A. Le langage comme révélateur du sujet parlant
C'est en parlant que nous nous positionnons comme sujets, que nous nous distinguons du monde et des autres.
- Pronoms personnels (Émile Benveniste) : Le linguiste Émile Benveniste a montré que le "je" n'est pas un concept fixe qui renvoie à une entité stable. Le "je" est un embrayeur linguistique : il ne prend sens que dans l'acte d'énonciation. Chaque fois que quelqu'un dit "je", il se désigne comme le sujet de son propre discours. Le "je" est vide de sens hors de l'acte de parole.
- Exemple : Quand je dis "je pense", le "je" désigne celui qui énonce la phrase à ce moment précis, pas une entité figée.
- Énonciation : L'énonciation est l'acte par lequel le locuteur produit un énoncé. Elle implique un sujet (le "je"), un destinataire (le "tu"), un temps (maintenant) et un lieu (ici). C'est dans l'acte d'énonciation que le sujet se constitue et se manifeste.

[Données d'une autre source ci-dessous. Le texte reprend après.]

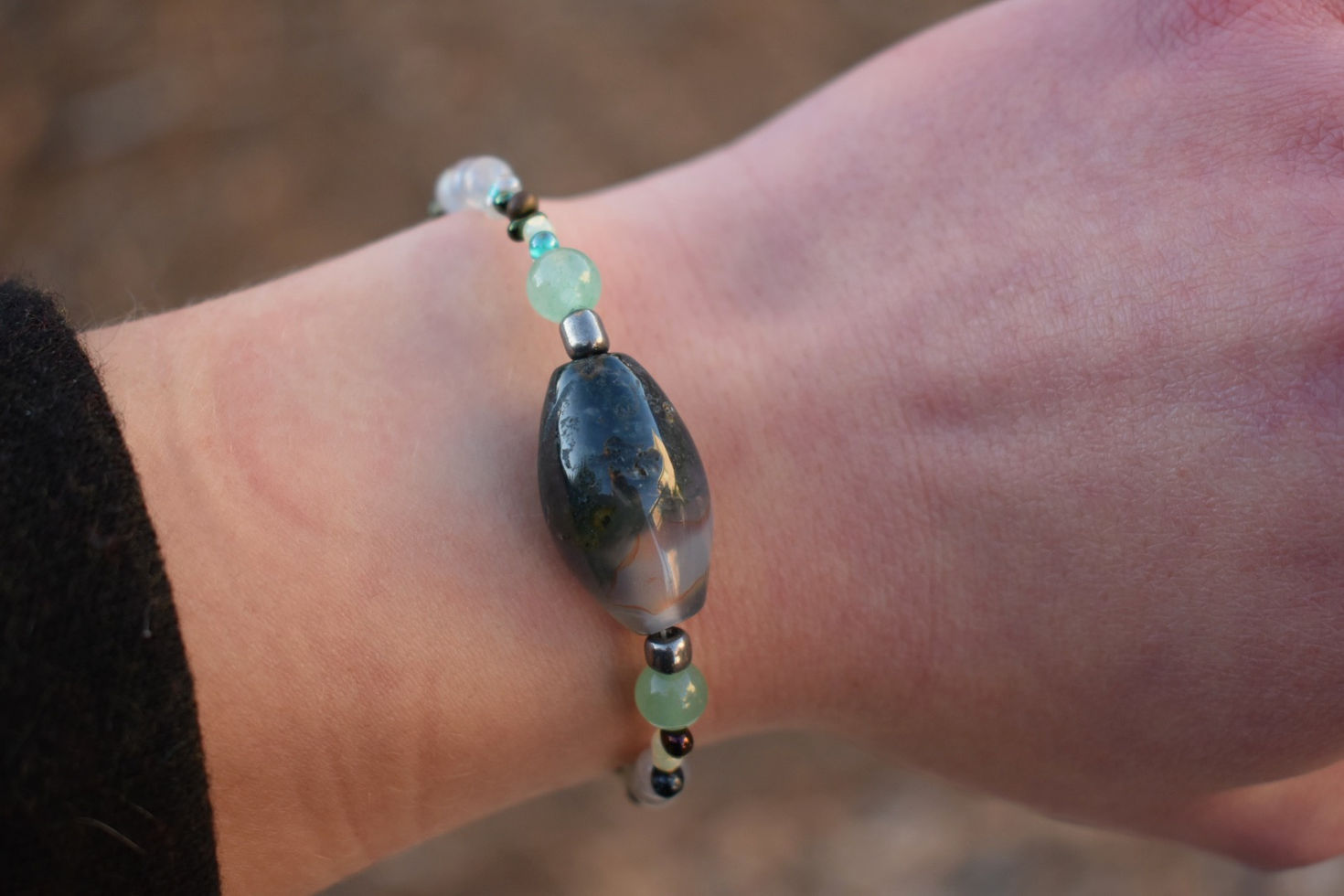 The Evergreen bracelet is one-of-a-kind and handmade. Trout is made with seed beads, moss agate, labradorite, aventurine, and clear quartz.

- Exemple : Le fait de dire "Je suis fatigué" n'est pas seulement une information sur un état, mais aussi un acte par lequel le "je" se révèle comme celui qui éprouve cette fatigue.

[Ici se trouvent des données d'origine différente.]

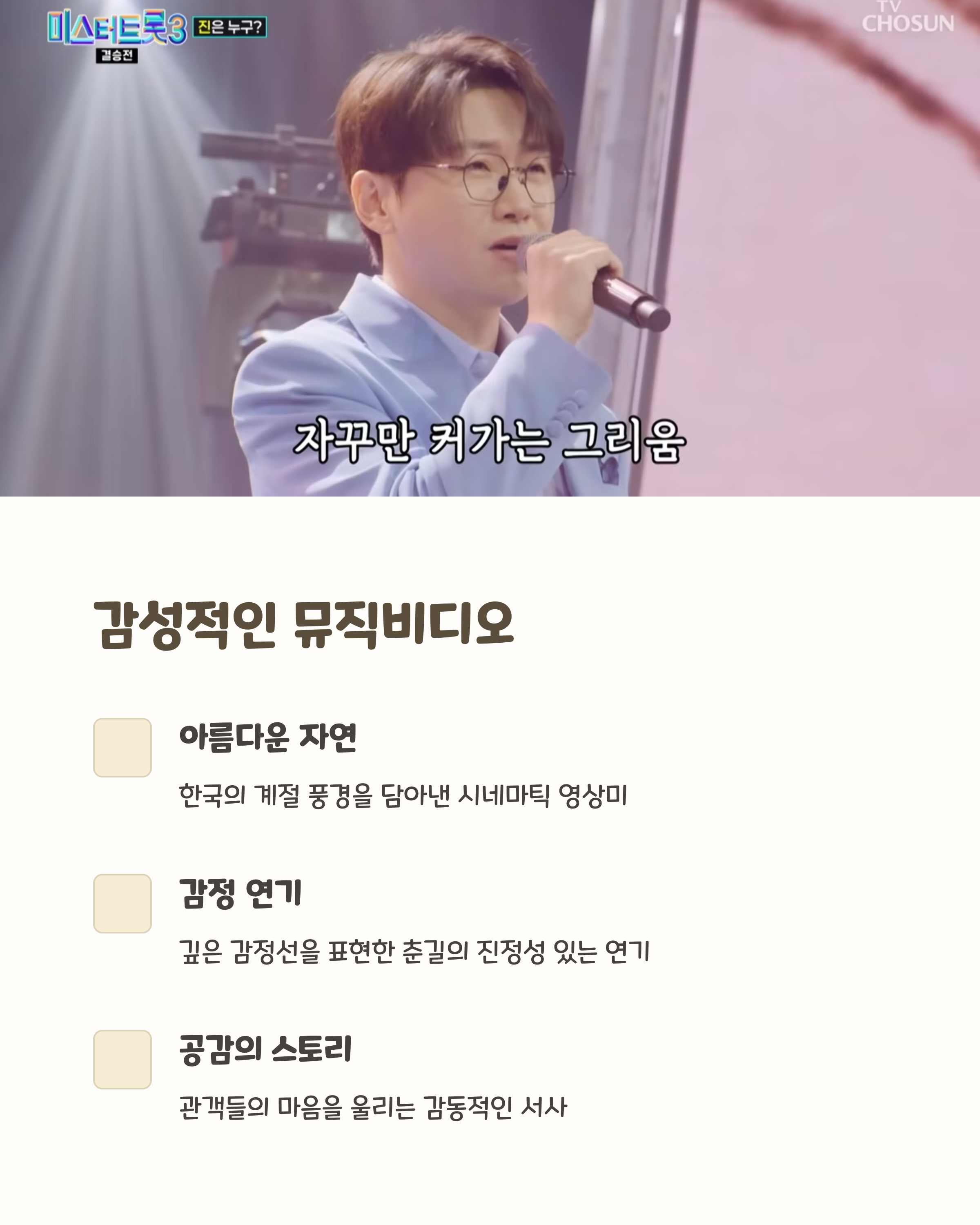 | 전통과 현대의 감성을 모두 담은 세련된 트로트 | 자연 풍경과 감성 연기로 이목 집중 | 세대를 아우르는 인기와 호응 확보 |

- Conscience de soi : Le langage joue un rôle crucial dans le développement de la conscience de soi. En nommant nos émotions, nos pensées, nos désirs, nous les rendons plus clairs à nous-mêmes. La capacité à articuler verbalement nos états intérieurs nous aide à les reconnaître et à les comprendre.
- Exemple : Un enfant apprend à dire "j'ai faim", "j'ai peur", ce qui l'aide à identifier et à gérer ses propres sensations.

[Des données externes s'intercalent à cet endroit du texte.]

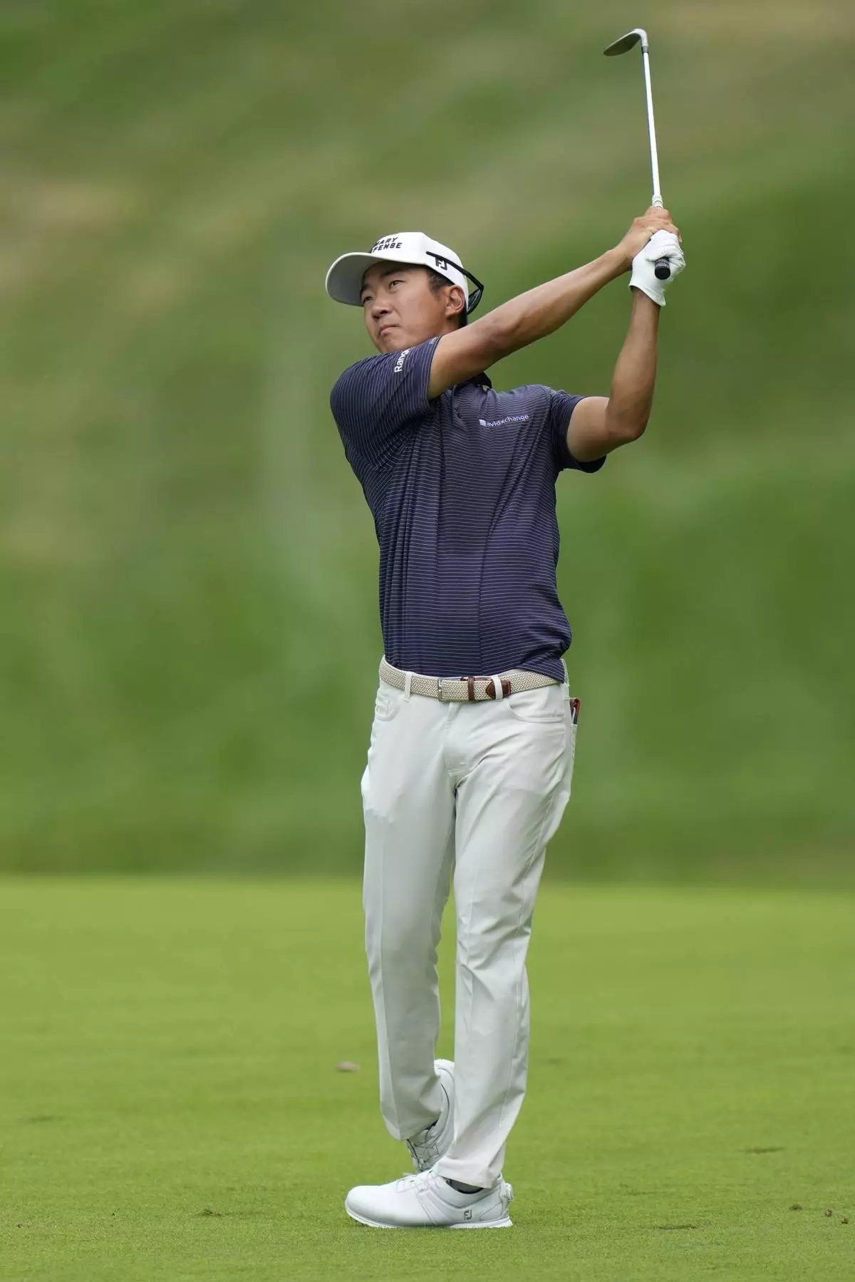 Michael Kim hits on the fourth hole during the third round of the BMW Championship golf tournament Saturday, Aug. 16, 2025, in Owings Mills, Md. (AP Photo/Stephanie Scarbrough)

B. Le langage comme moyen d'expression de l'intériorité
Le langage est le véhicule privilégié pour extérioriser notre monde intérieur et le partager.
- Sentiments : Bien que parfois limitant (voir II.B.), le langage est le principal moyen d'exprimer et de partager nos sentiments et nos émotions. Il permet de les nommer, de les nuancer, et de les communiquer à autrui.
- Exemple : Écrire une lettre d'amour, confier ses peines à un ami.
- Expériences : Nous racontons nos expériences par le langage. C'est en les verbalisant que nous les structurons, leur donnons un sens et les intégrons à notre histoire personnelle.
- Exemple : Raconter un voyage, décrire un événement marquant de sa vie.
- Création littéraire : La création littéraire est l'exemple le plus flagrant de l'expression de l'intériorité par le langage. Les poètes, les romanciers, les dramaturges utilisent les mots pour explorer les profondeurs de l'âme humaine, les fantasmes, les rêves et les pensées les plus intimes.
- Exemple : Un journal intime, un roman d'introspection, un poème lyrique.
C. Le langage et la construction de l'identité personnelle
Le "je" n'est pas donné une fois pour toutes ; il se construit tout au long de la vie, en grande partie grâce au langage.
- Récit de soi (Paul Ricœur) : Le philosophe Paul Ricœur a montré que l'identité personnelle est une identité narrative. Nous nous construisons en nous racontant et en étant racontés par les autres. Le langage nous permet d'élaborer un récit de soi cohérent, de donner un sens à notre passé, de nous projeter dans l'avenir et d'intégrer les différents événements de notre vie.
- Exemple : Notre identité est la somme des histoires que nous nous racontons sur nous-mêmes et que les autres racontent sur nous.
- Narration : La capacité à narrater est fondamentale pour l'identité. C'est en construisant des histoires sur notre vie que nous donnons une unité et une continuité à notre existence fragmentée par le temps.
- Exemple : Se souvenir de son enfance et la raconter, construire son CV.
- Reconnaissance : L'identité personnelle n'est pas seulement une affaire individuelle ; elle est aussi relationnelle. Nous avons besoin que notre "je" soit reconnu par autrui. C'est par le langage, à travers le dialogue et l'échange, que nous obtenons cette reconnaissance des autres, qui valide notre existence et notre singularité.
- Exemple : Être écouté et compris par un ami, être reconnu pour ses qualités ou ses actions par ses pairs. Le "je" se constitue dans l'adresse à un "tu".
En conclusion, le langage est bien plus qu'un simple outil de communication. Il est la matrice de notre pensée, le médiateur de notre rapport au monde, le ciment de nos sociétés et le miroir de notre âme. Il est à la fois ce qui nous relie au réel et ce qui nous en distingue, ce qui nous unit aux autres et ce qui nous rend uniques.